Your project may have thousands of existing files of diverse types. As you are planning to move your research into the workspace, understanding how the upload process works can help you plan how to do this most effectively. Consider one of the following approaches:
- The most simple way to upload files is using the workspace web interface. However, if you want to upload data programmatically, you can do so using an API.
- We recommend that you upload no more than 500 files at a time (just as you probably wouldn’t between your desktop and any other shared file server).
- If you have a Virtual Machine add-on to your workspace, using .zip files to batch upload manageable chunks of data is one way to manage this. You will be able to unpack these later in the workspace, and the upload process will be easier.
Upload limits
- Uploads to Files up to 10 GB and to Blobs up to 100 GB have been tested. Larger uploads might also be possible through the API but any network interruption might result in upload failure.
- Generally, files that are larger than 250GB and less than 1TB should be uploaded using the API method with AZ Copy. See a demo video here.
- If AZ Copy fails or for file uploads greater than 1TB, get in touch with support@alzheimersdata.org who will be able to help plan the data migration.
Guidance
See the table below for a summary of different types of source data, guidance on where to store it, and how you can access the data once it has been uploaded into the workspace.
Source data to be uploaded | File extensions | Typical size per file | Purpose | Workspace folder | Data mapping applied? | Accessed from Web interface | Accessed from Virtual machine |
---|---|---|---|---|---|---|---|
Tabular data | .csv | 1000s of rows and columns | Database analysis | Files | Workspace database | Yes | Yes |
Analysis scripts | .r, .sql | 100 – 500kB | Reproducible statistics | Files | Workspace file system | Yes | Yes |
Text, pdf documents and small images | .txt, .doc, .pdf, .png, .jpg | 2MB | Project communication and reports | Files | Workspace file system | Yes | Yes |
Large image files, image series, genomic data, executable files for tool installation, other non-structured data | .png, .jpg, .vcf, .exe | 10GB – 250GB | Raw data for analysis and information extraction | Blobs | Workspace file system | Yes | Yes (needs to be enabled by Service Desk) |
Note:
- The Files folder is intended for storing most of your day-to-day items, such as data analysis scripts, office files, or other documents and data.

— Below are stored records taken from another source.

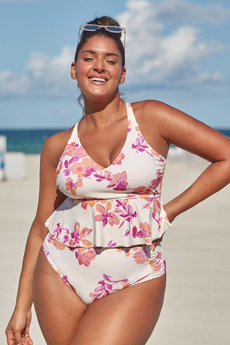 Larissa Floral V-neck Ruffle Back Tie Plus Size Tankini Top
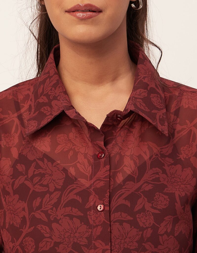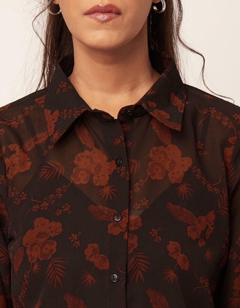 Button Down Collared Sheer Shirt
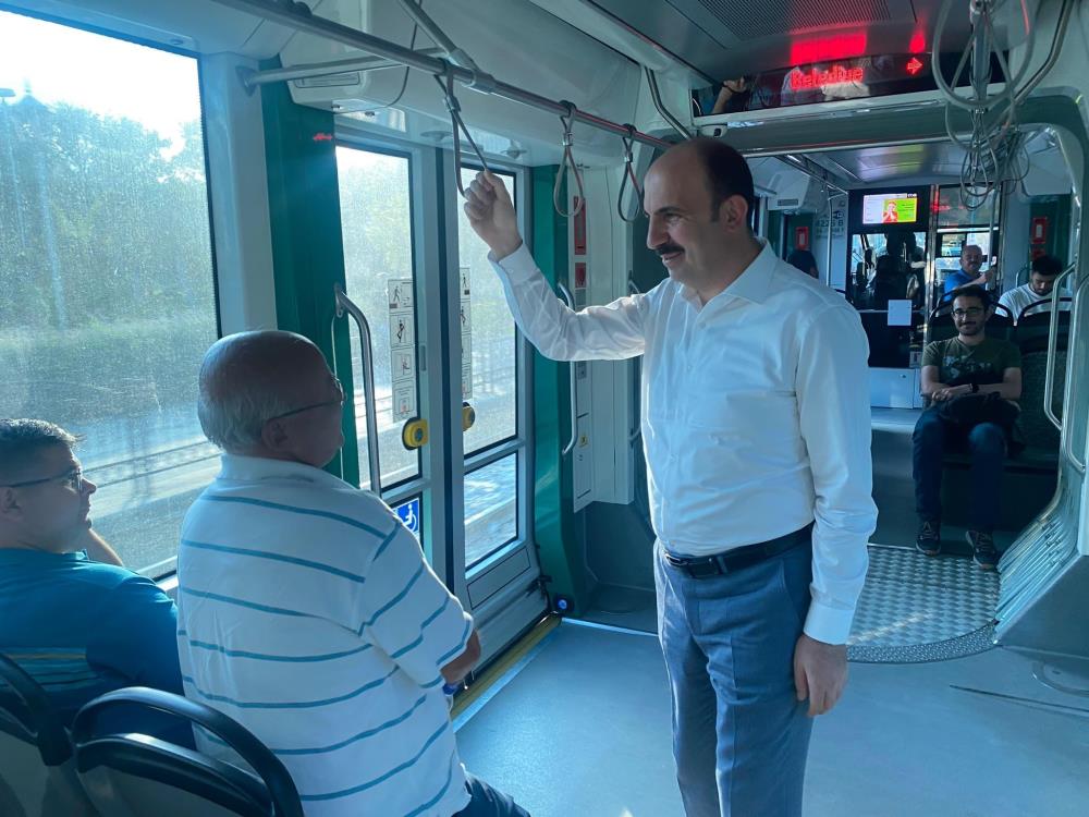 Konya Büyükşehir Belediye Başkanı Uğur İbrahim Altay, şehir merkezi ile Selçuk Üniversitesi arasında çalışan tramvayda vatandaşlarla sohbet etti. Konyalıların toplu ulaşımla ilgili önerilerini ve görüşlerini dinleyen Başkan Altay, Konya Büyükşehir Belediyesi’nin akıllı ulaşım sistemleriyle Türkiye’ye örnek olduğunu söyledi. Başkan Altay, ulaşım alanında şehre kazandırılan yatırımlar ve alınan yeni araçlarla toplu ulaşımı daha da iyileştirmek için yoğun şekilde çalışmaya devam ettiklerini belirterek, “Tramvayda hemşehrilerimizle birlikte seyahat ederek onların Konya ve toplu ulaşımla ilgili fikirlerini dinledik. Yeni otobüsler, akıllı ulaşım sistemi, en ekonomik fiyat ve optimum hat güzergahı ile ulaşımda Türkiye’ye örnek oluyoruz. Günde ortalama 495 bin yolcu taşıyoruz ve biniş ücretlerini sübvanse ederek aile ekonomisine katlı sağlıyoruz. ‘Konya Modeli Toplu Ulaşım’ başlı başına bir başarı öyküsü. Biz de bu başarıyı en üst seviyeye çıkararak Konya’mızı Türkiye’nin ve dünyanın toplu ulaşımı gelişmiş şehirlerinden birisi yapmakta kararlıyız” dedi.
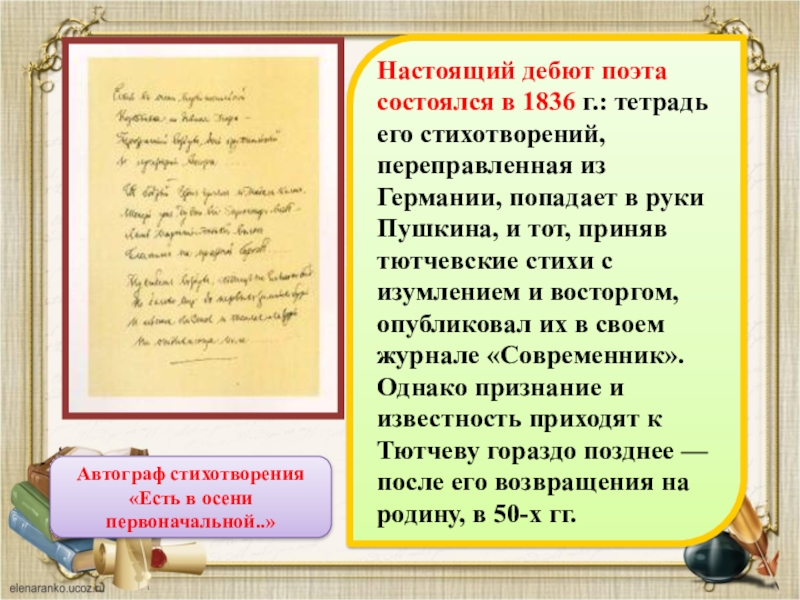 из Германии, попадает в руки Пушкина, и тот, приняв тютчевские стихи с изумлением и восторгом, опубликовал их в своем журнале «Современник». Однако признание и известность приходят к Тютчеву гораздо позднее — после его возвращения на родину, в 50-х гг.
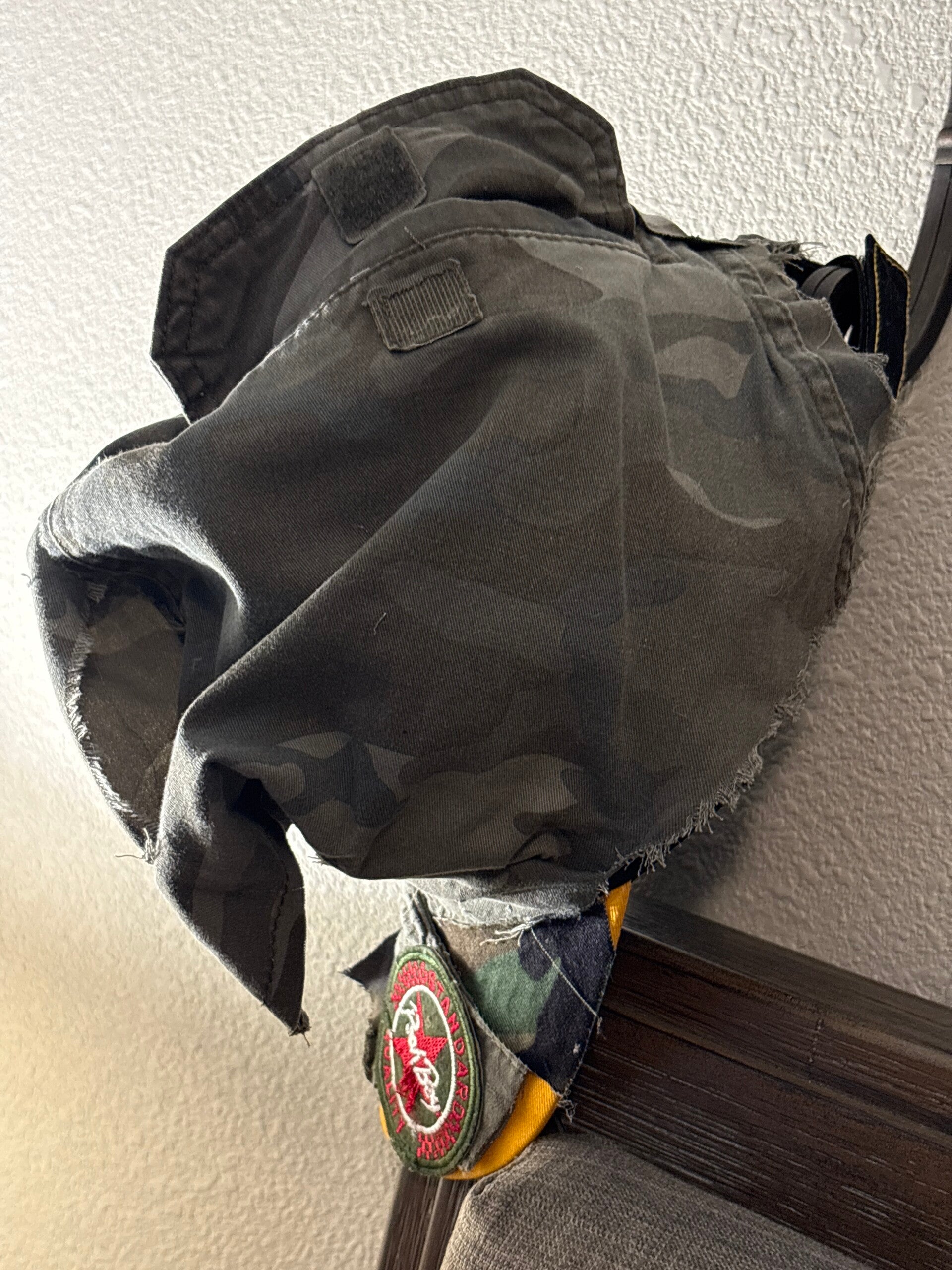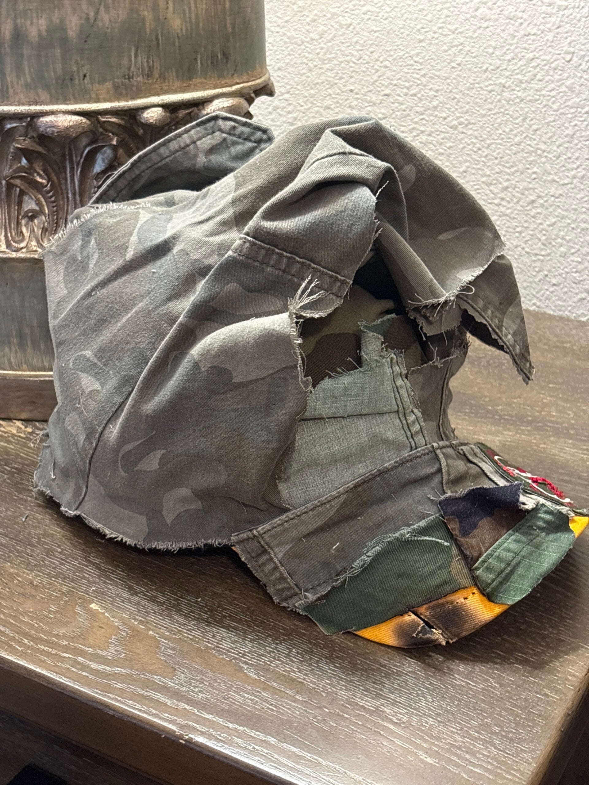One of a kind, unisex, one size fits all, redesigned by Thresds of Envy, velcro is attached in the back where you can make the hat fit perfectly to your hand. It's just a imperfection urban style hat..
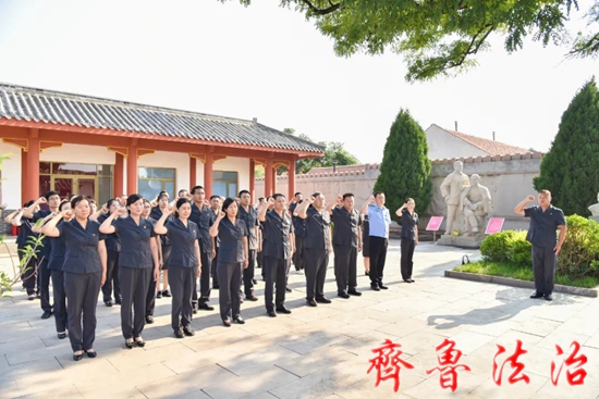为重温革命历史,弘扬爱国精神,6月27日下午,党组书记、院长丁文强带队,组织全体党员干警、入党积极分子等50余人,赴广饶县刘集红色教育基地开展党性教育,踏寻红色遗迹,接受党性洗礼。在讲解人员的带领下,全体党员干警参观了《共产党宣言》纪念馆展厅,全面了解了《共产党宣言》诞生的背景和首版中译本问世、传播、指导中国革命的历程。在刘集党支部旧址,全体党员高举右拳庄严宣誓,重温入党誓词,回顾入党初心,感悟初心使命。
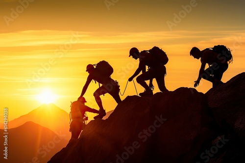 Obraz premium Silhouette of a group of climbers reaching the top, teamwork. Ai generated.
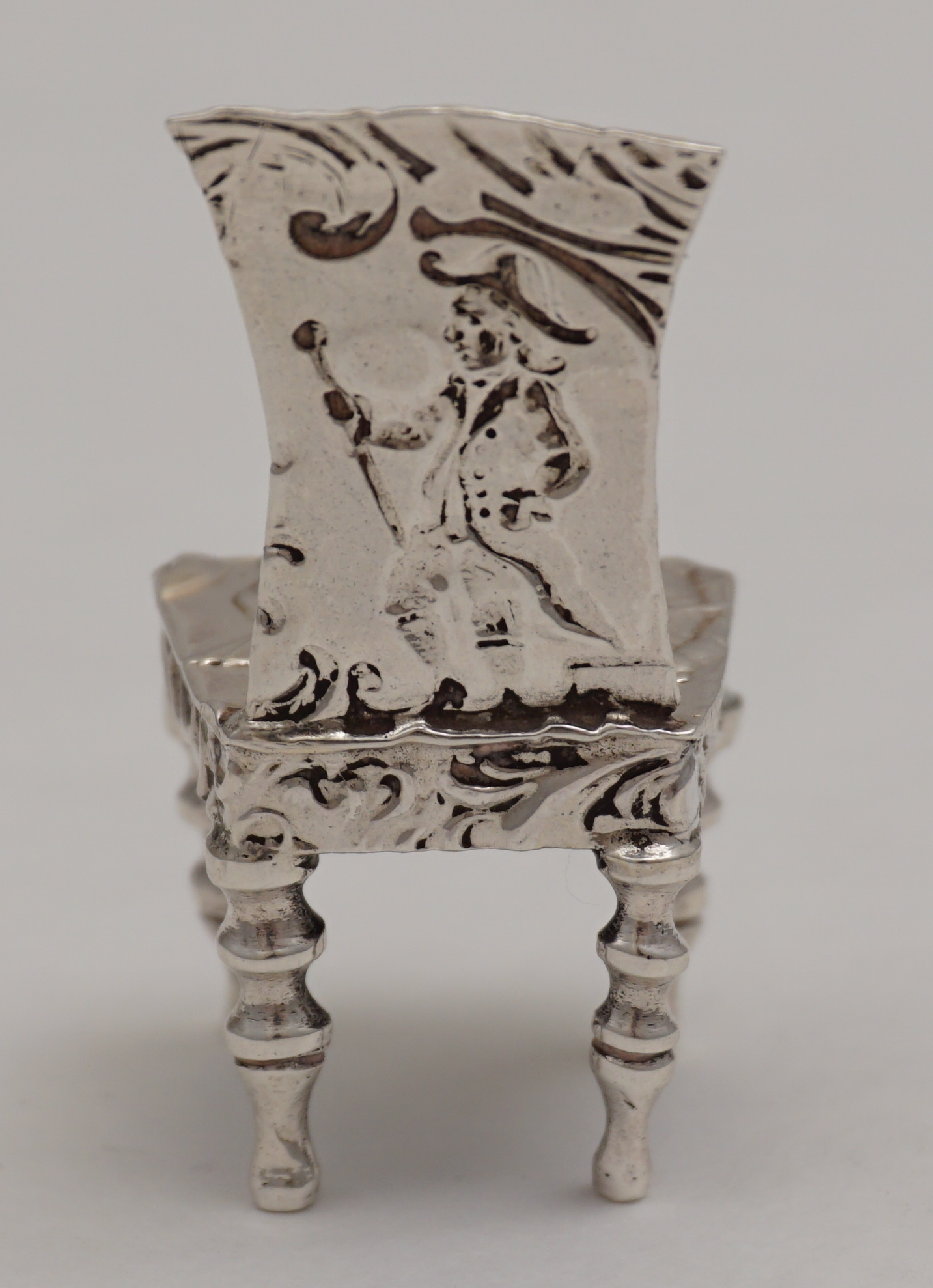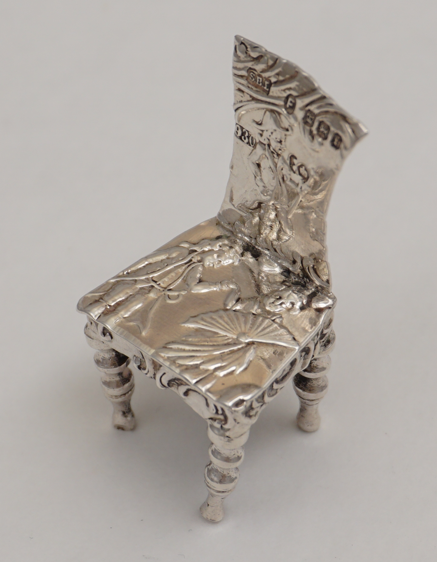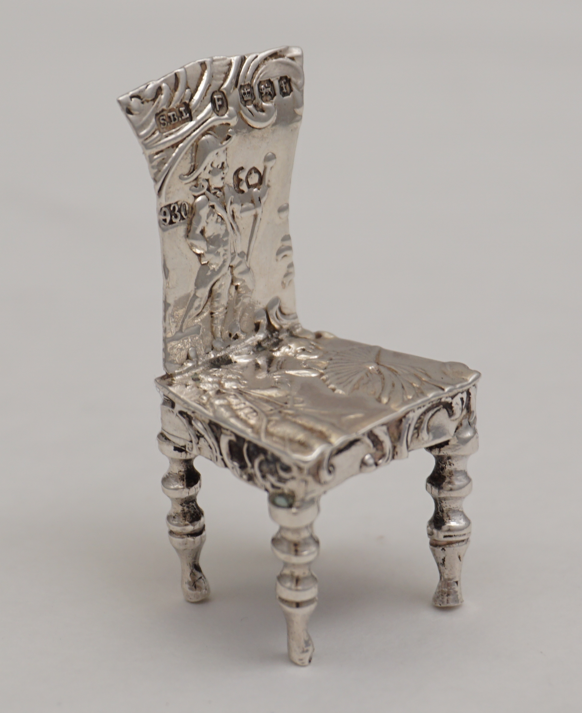 DESCRIPTION | High quality miniature Victorian cast sterling silver salon chair with good detailing. The back panel features a Georgian young man walking with his staff and the seat has him in military dress proposing to a blushing young woman in full Georgian attire and complete with fan. |

- The Blobs folder is meant for holding large items that you access less frequently and is ideal for raw data analysis and information extraction tasks.
Uploading files using the web interface
When in the workspace, navigate to the Upload dropdown menu and select Upload files or data. You can either drag and drop your files into the Upload File panel or browse and select the file to upload. You can change the upload destination by using the Destination link at the bottom left of the screen.
Alternatively, you can upload your files to your workspace Inbox where they can then be filed later. Before uploading, check the box to confirm that you are authorised to upload the data then click the ‘Upload’ button and your files will be uploaded into the selected folder.
The progress bar of the upload is shown at the bottom. On upload, all files go through an Inbound Airlock, where they are scanned for malware. Once the files have been uploaded, you can press 'x' to close the upload tab. Now you should be able to find your uploads either in the Files or the Inbox, depending on or the destination you have previously selected.
Uploading files via an API
As well as uploading files via the user interface, it is also possible to do so using an API.
There are a few reasons you may wish to do this. Firstly, you may need to upload files larger than 250GB and less than 1TB. Secondly, API tokens allow people who are not workspace members to upload to the workspace. Thirdly, the use of the API allows users to upload data programmatically. For example, perhaps you have a regular stream of data coming into your study and you want it to be automatically pushed on to your workspace.
Generate an upload token
First, go to the Upload dropdown menu and select Manage upload tokens. This will take you to a new tab showing existing tokens and a form to generate new ones.
Provide a reason for the token generation and select the validity period for your new token – the default is set to the maximum (30 days).
If you tick the 'Upload data to database' checkbox, uploaded CSV files and associated metadata will be used to create a database table. If you do not check it, the files will be uploaded to your workspace Inbox.
Your new token will be listed as the first entry in the table. Use the Copy button to copy your token to your clipboard.
Be aware that once you close the tab you will not be able to copy the token anymore. Save the copied token if you wish to use it again.
Download AzCopy
To use the API, you will need to download AzCopy to your computer. You can add the AzCopy directory to your path, which allows you to use AzCopy from any directory on your system.
If you choose not to add the AzCopy directory to your path, you'll have to first navigate to the location of your AzCopy executable before using it in the command line.
Upload your files
To run AzCopy on your own machine, if you did not add it to your path, first navigate to the location where you have installed AzCopy and run the following command:
azcopy copy "/path/to/your/file" "token"
If you want to recursively copy data from a local directory, add the --recursive=true
flag at the end.
Depending on whether you checked the 'Upload data to database' box, the files uploaded through an API will be found either in the Database tab or in the Inbox.